Assigned task
A faithful copy of every record is needed here. Images must not appear in it.

Stored items
____

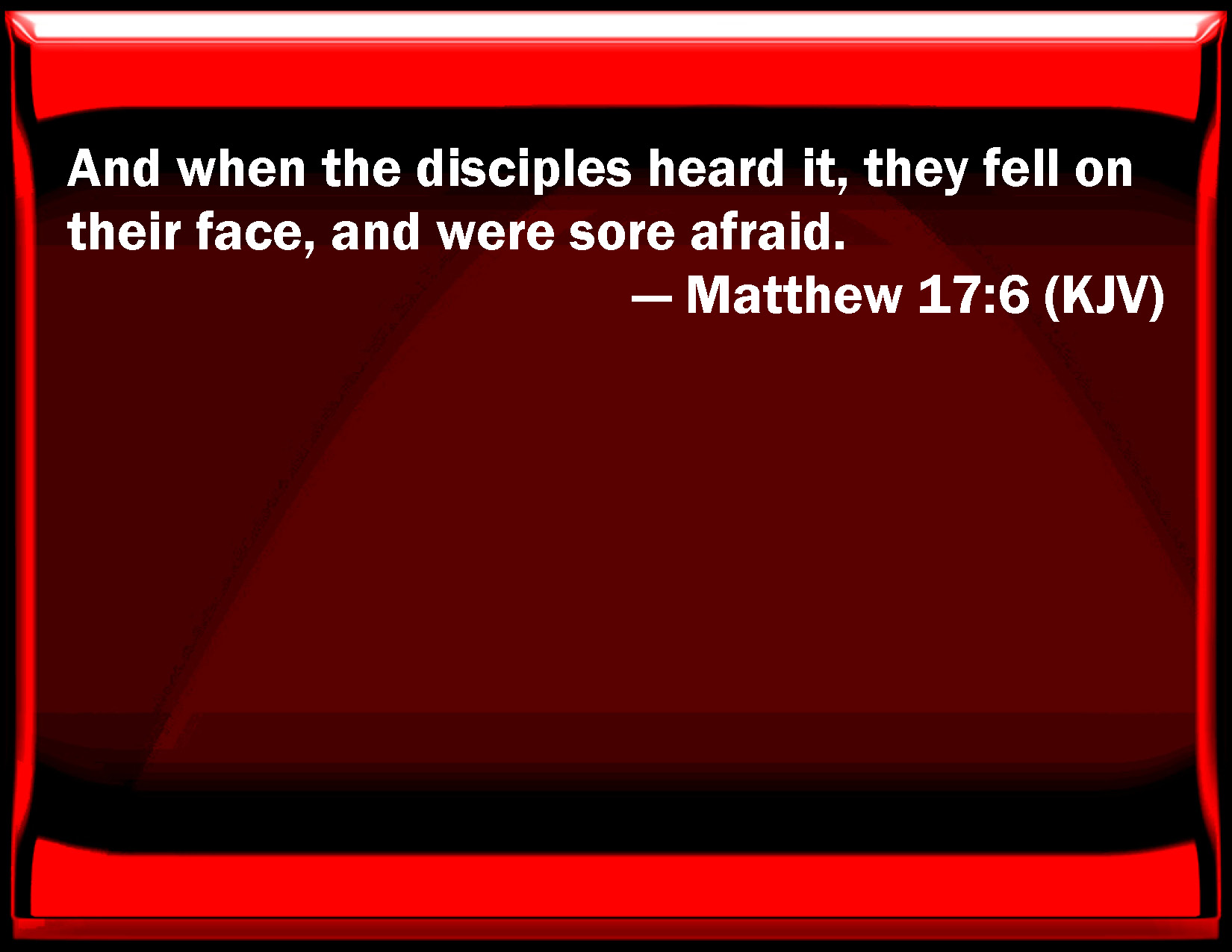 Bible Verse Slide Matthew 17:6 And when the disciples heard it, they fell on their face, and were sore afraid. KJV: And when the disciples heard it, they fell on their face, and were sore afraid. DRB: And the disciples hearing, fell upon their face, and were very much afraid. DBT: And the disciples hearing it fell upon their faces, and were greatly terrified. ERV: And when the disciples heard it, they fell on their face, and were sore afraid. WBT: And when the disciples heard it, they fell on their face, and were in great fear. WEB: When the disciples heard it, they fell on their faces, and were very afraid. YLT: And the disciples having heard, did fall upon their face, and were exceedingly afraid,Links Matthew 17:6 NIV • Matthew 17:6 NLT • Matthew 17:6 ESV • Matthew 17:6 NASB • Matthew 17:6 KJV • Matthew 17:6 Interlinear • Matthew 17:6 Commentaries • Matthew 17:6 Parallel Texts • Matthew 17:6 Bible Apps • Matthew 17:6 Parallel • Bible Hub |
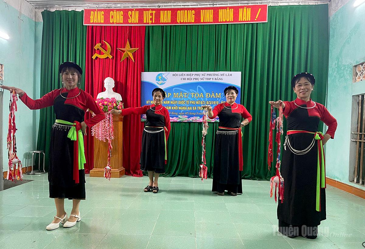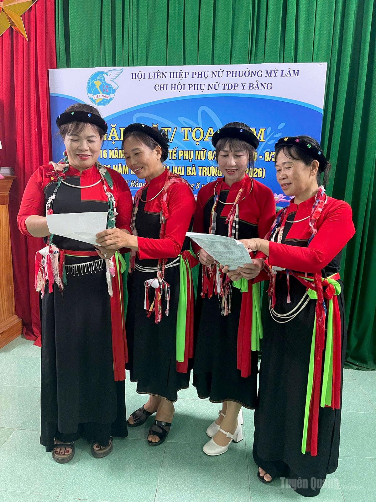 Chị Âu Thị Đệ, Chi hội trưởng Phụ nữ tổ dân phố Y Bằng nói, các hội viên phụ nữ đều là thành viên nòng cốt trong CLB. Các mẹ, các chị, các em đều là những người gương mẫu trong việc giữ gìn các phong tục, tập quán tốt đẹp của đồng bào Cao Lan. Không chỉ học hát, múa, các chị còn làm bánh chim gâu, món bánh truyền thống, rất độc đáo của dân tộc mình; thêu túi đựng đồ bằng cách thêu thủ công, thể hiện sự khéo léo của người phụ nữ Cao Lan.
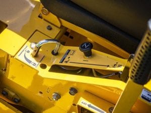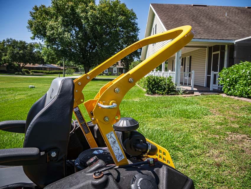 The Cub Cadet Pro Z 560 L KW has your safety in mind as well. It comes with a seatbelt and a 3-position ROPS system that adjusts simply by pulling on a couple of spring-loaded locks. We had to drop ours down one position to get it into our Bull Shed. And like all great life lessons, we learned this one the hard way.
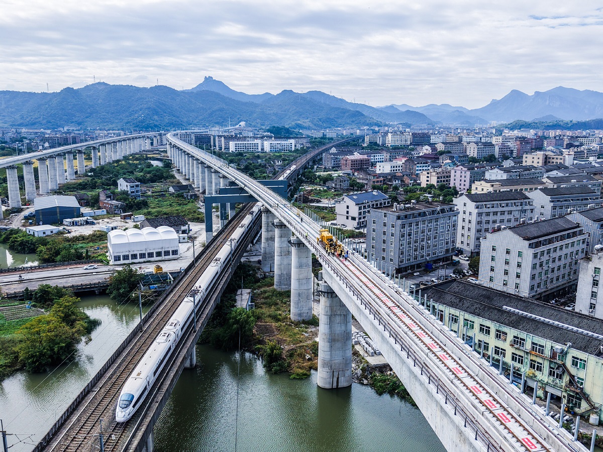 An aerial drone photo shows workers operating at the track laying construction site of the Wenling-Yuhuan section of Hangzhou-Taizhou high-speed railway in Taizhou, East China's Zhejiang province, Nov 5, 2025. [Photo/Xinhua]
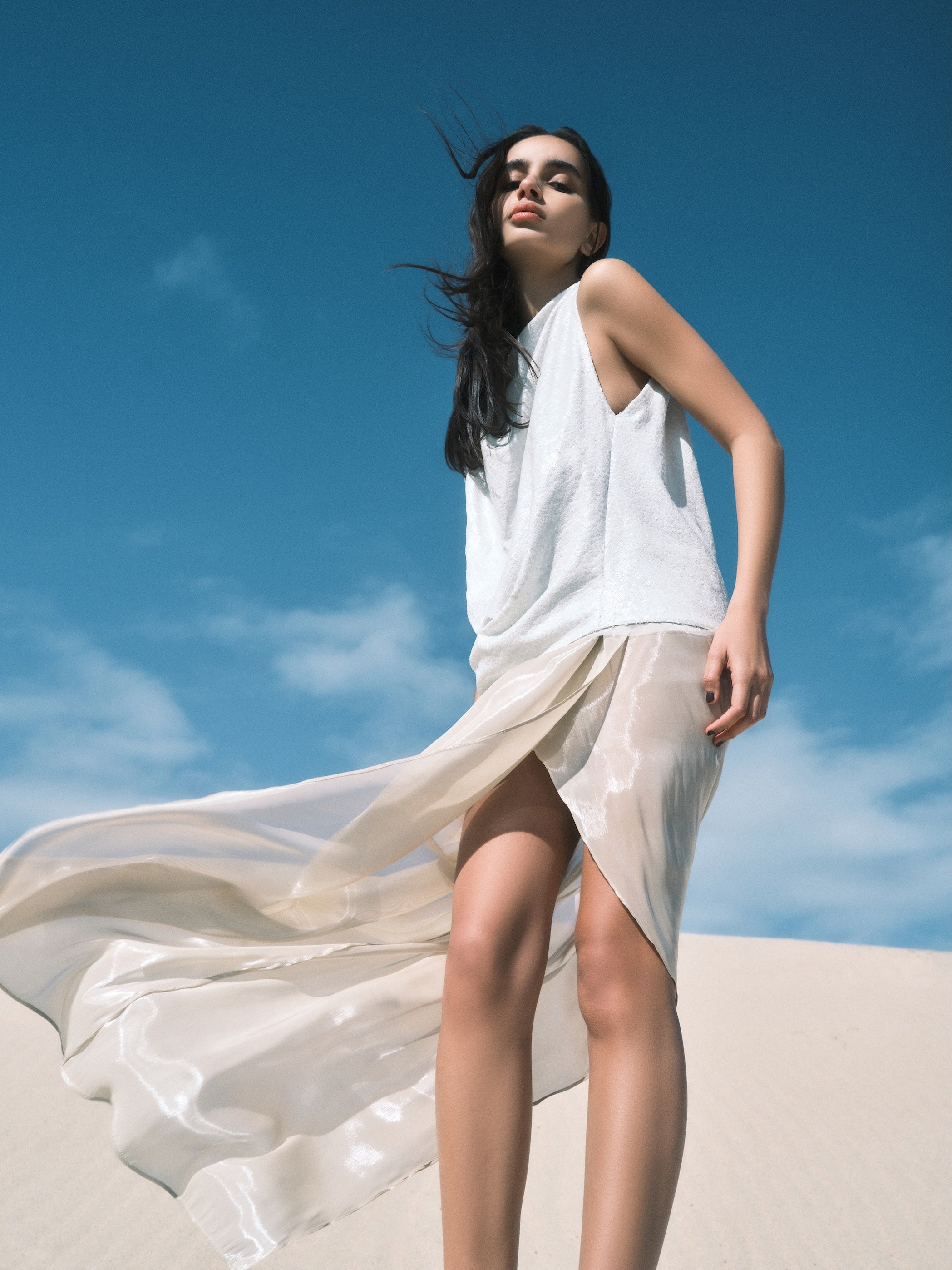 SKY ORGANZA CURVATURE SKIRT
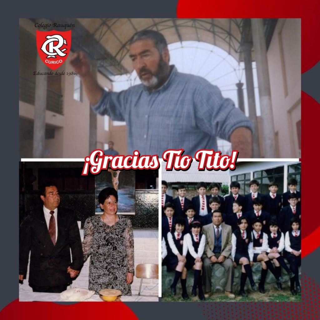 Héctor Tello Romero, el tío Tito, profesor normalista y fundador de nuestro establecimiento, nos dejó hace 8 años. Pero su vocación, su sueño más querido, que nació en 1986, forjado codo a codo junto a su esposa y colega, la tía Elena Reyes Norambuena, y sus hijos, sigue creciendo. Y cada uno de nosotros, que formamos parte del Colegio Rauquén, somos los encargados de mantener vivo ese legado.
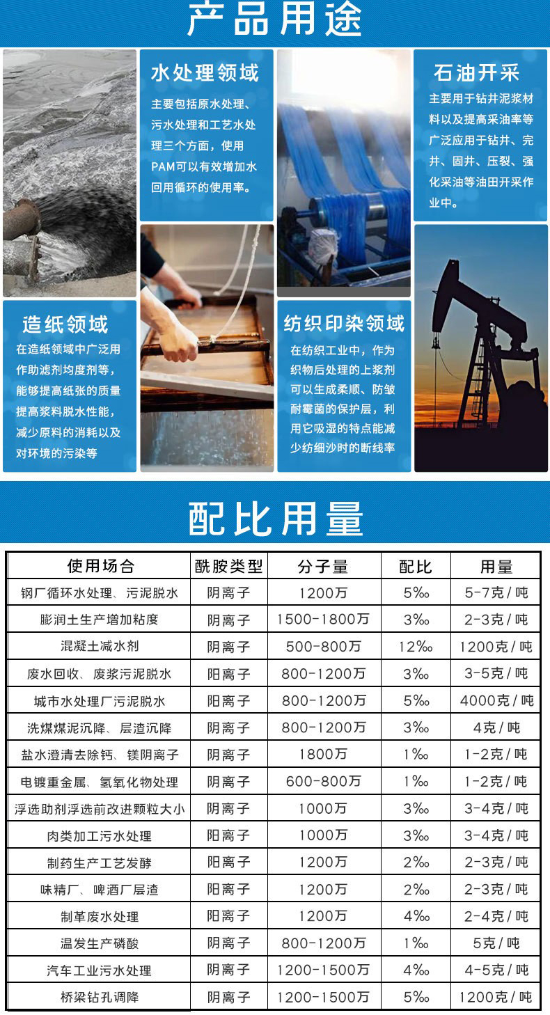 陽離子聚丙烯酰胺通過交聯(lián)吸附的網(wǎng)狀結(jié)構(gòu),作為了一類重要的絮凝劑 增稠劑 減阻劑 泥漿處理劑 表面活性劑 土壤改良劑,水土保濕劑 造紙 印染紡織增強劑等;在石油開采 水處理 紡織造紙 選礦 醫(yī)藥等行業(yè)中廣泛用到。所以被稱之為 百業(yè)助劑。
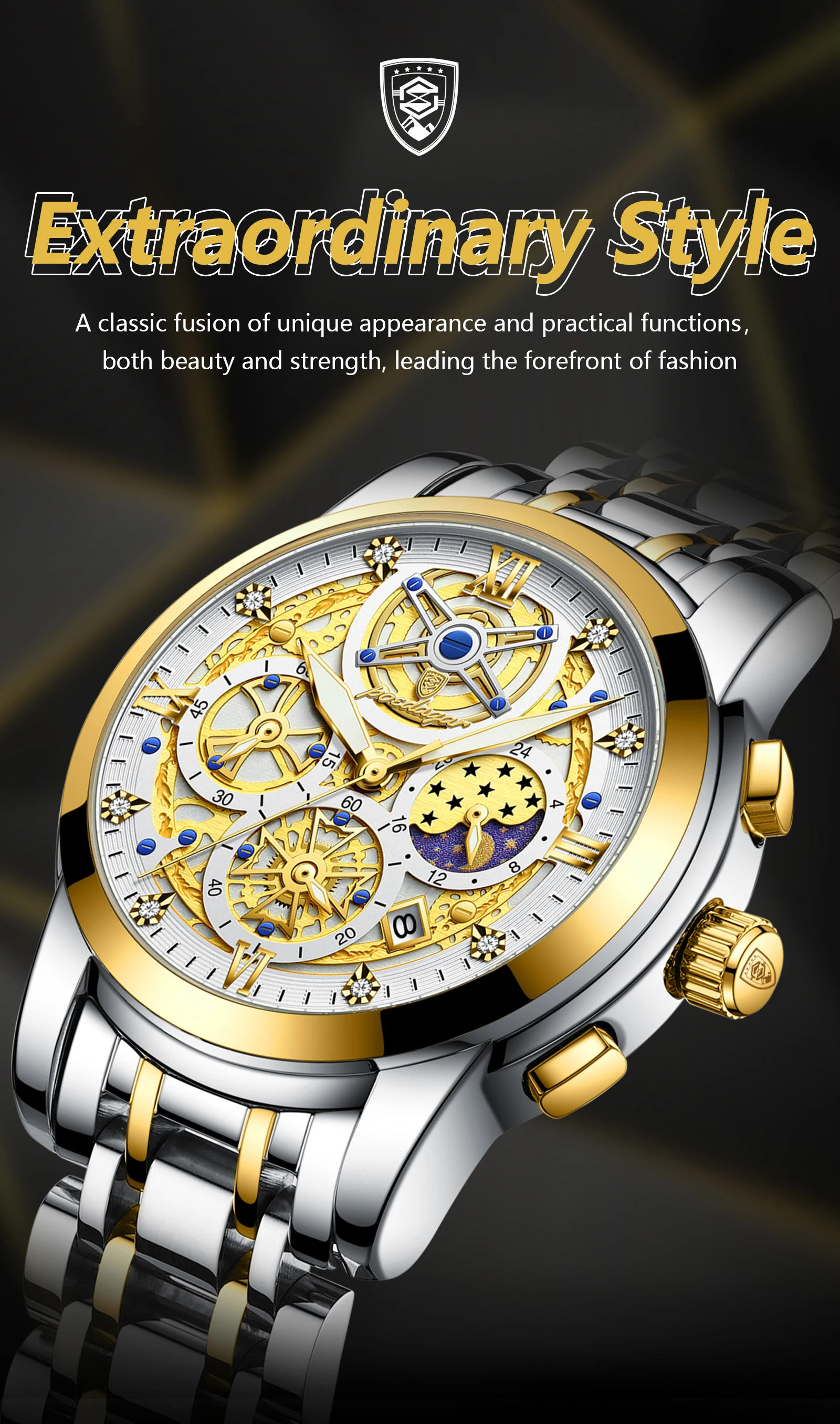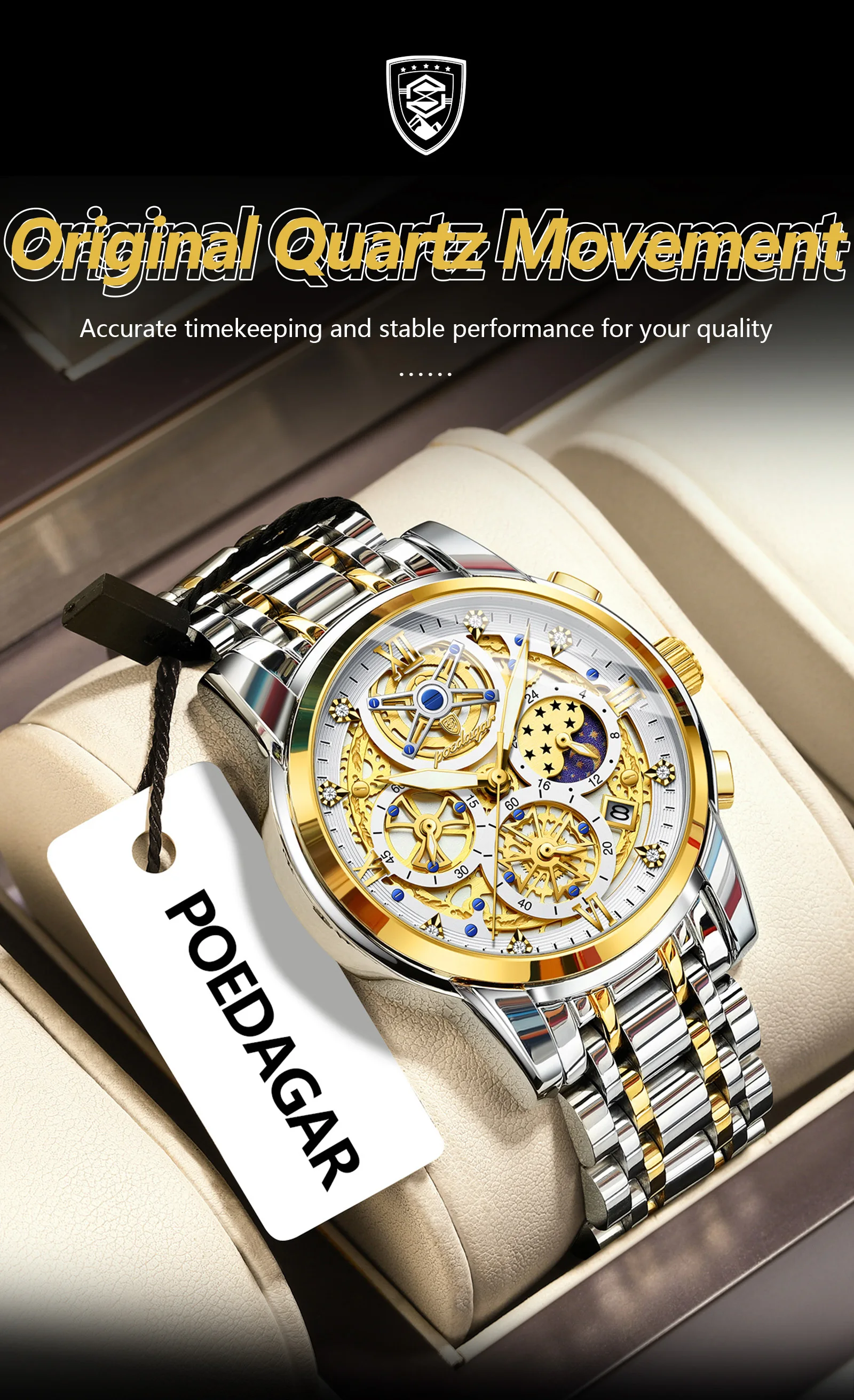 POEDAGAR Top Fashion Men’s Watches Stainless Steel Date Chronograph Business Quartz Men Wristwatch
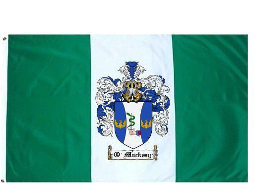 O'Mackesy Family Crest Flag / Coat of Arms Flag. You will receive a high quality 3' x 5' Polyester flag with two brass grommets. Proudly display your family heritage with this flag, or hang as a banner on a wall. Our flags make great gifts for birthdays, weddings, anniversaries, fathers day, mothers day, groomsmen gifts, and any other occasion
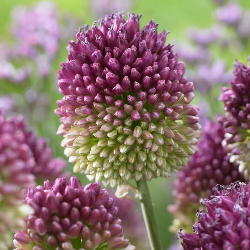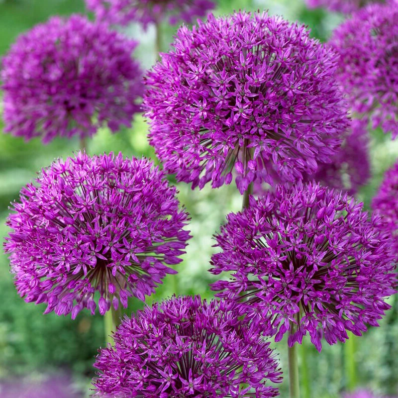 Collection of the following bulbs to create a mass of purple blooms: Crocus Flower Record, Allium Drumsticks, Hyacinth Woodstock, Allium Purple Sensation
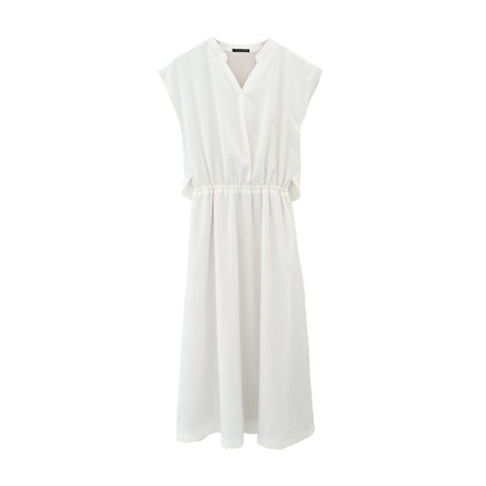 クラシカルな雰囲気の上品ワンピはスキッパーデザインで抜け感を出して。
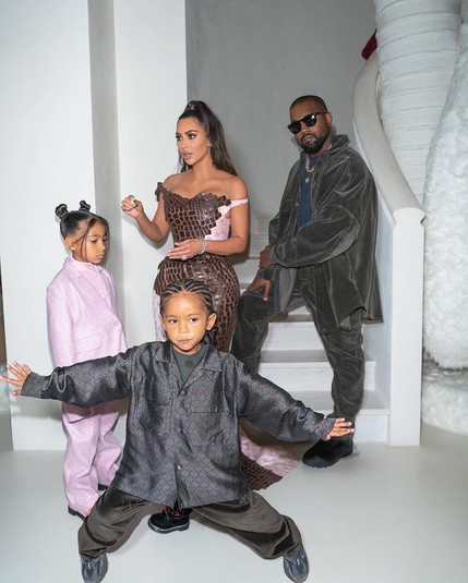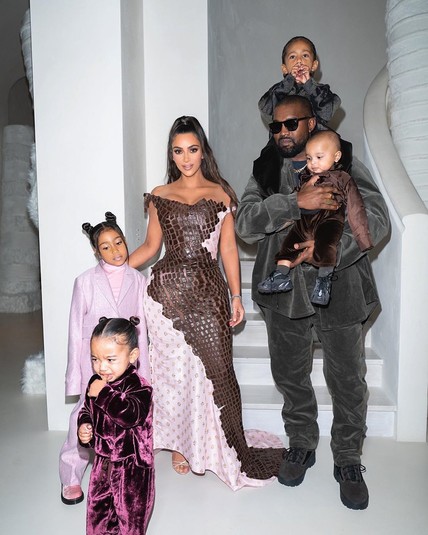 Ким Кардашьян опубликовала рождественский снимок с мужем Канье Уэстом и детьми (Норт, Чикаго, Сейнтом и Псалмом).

____

Solved exercise
 Bible Verse Slide Matthew 17:6 And when the disciples heard it, they fell on their face, and were sore afraid. KJV: And when the disciples heard it, they fell on their face, and were sore afraid. DRB: And the disciples hearing, fell upon their face, and were very much afraid. DBT: And the disciples hearing it fell upon their faces, and were greatly terrified. ERV: And when the disciples heard it, they fell on their face, and were sore afraid. WBT: And when the disciples heard it, they fell on their face, and were in great fear. WEB: When the disciples heard it, they fell on their faces, and were very afraid. YLT: And the disciples having heard, did fall upon their face, and were exceedingly afraid,Links Matthew 17:6 NIV • Matthew 17:6 NLT • Matthew 17:6 ESV • Matthew 17:6 NASB • Matthew 17:6 KJV • Matthew 17:6 Interlinear • Matthew 17:6 Commentaries • Matthew 17:6 Parallel Texts • Matthew 17:6 Bible Apps • Matthew 17:6 Parallel • Bible Hub |
 Chị Âu Thị Đệ, Chi hội trưởng Phụ nữ tổ dân phố Y Bằng nói, các hội viên phụ nữ đều là thành viên nòng cốt trong CLB. Các mẹ, các chị, các em đều là những người gương mẫu trong việc giữ gìn các phong tục, tập quán tốt đẹp của đồng bào Cao Lan. Không chỉ học hát, múa, các chị còn làm bánh chim gâu, món bánh truyền thống, rất độc đáo của dân tộc mình; thêu túi đựng đồ bằng cách thêu thủ công, thể hiện sự khéo léo của người phụ nữ Cao Lan.
 The Cub Cadet Pro Z 560 L KW has your safety in mind as well. It comes with a seatbelt and a 3-position ROPS system that adjusts simply by pulling on a couple of spring-loaded locks. We had to drop ours down one position to get it into our Bull Shed. And like all great life lessons, we learned this one the hard way.
 An aerial drone photo shows workers operating at the track laying construction site of the Wenling-Yuhuan section of Hangzhou-Taizhou high-speed railway in Taizhou, East China's Zhejiang province, Nov 5, 2025. [Photo/Xinhua]
 SKY ORGANZA CURVATURE SKIRT
 Héctor Tello Romero, el tío Tito, profesor normalista y fundador de nuestro establecimiento, nos dejó hace 8 años. Pero su vocación, su sueño más querido, que nació en 1986, forjado codo a codo junto a su esposa y colega, la tía Elena Reyes Norambuena, y sus hijos, sigue creciendo. Y cada uno de nosotros, que formamos parte del Colegio Rauquén, somos los encargados de mantener vivo ese legado.
 陽離子聚丙烯酰胺通過交聯(lián)吸附的網(wǎng)狀結(jié)構(gòu),作為了一類重要的絮凝劑 增稠劑 減阻劑 泥漿處理劑 表面活性劑 土壤改良劑,水土保濕劑 造紙 印染紡織增強劑等;在石油開采 水處理 紡織造紙 選礦 醫(yī)藥等行業(yè)中廣泛用到。所以被稱之為 百業(yè)助劑。
 POEDAGAR Top Fashion Men’s Watches Stainless Steel Date Chronograph Business Quartz Men Wristwatch
 O'Mackesy Family Crest Flag / Coat of Arms Flag. You will receive a high quality 3' x 5' Polyester flag with two brass grommets. Proudly display your family heritage with this flag, or hang as a banner on a wall. Our flags make great gifts for birthdays, weddings, anniversaries, fathers day, mothers day, groomsmen gifts, and any other occasion
 Collection of the following bulbs to create a mass of purple blooms: Crocus Flower Record, Allium Drumsticks, Hyacinth Woodstock, Allium Purple Sensation
 クラシカルな雰囲気の上品ワンピはスキッパーデザインで抜け感を出して。
 Ким Кардашьян опубликовала рождественский снимок с мужем Канье Уэстом и детьми (Норт, Чикаго, Сейнтом и Псалмом).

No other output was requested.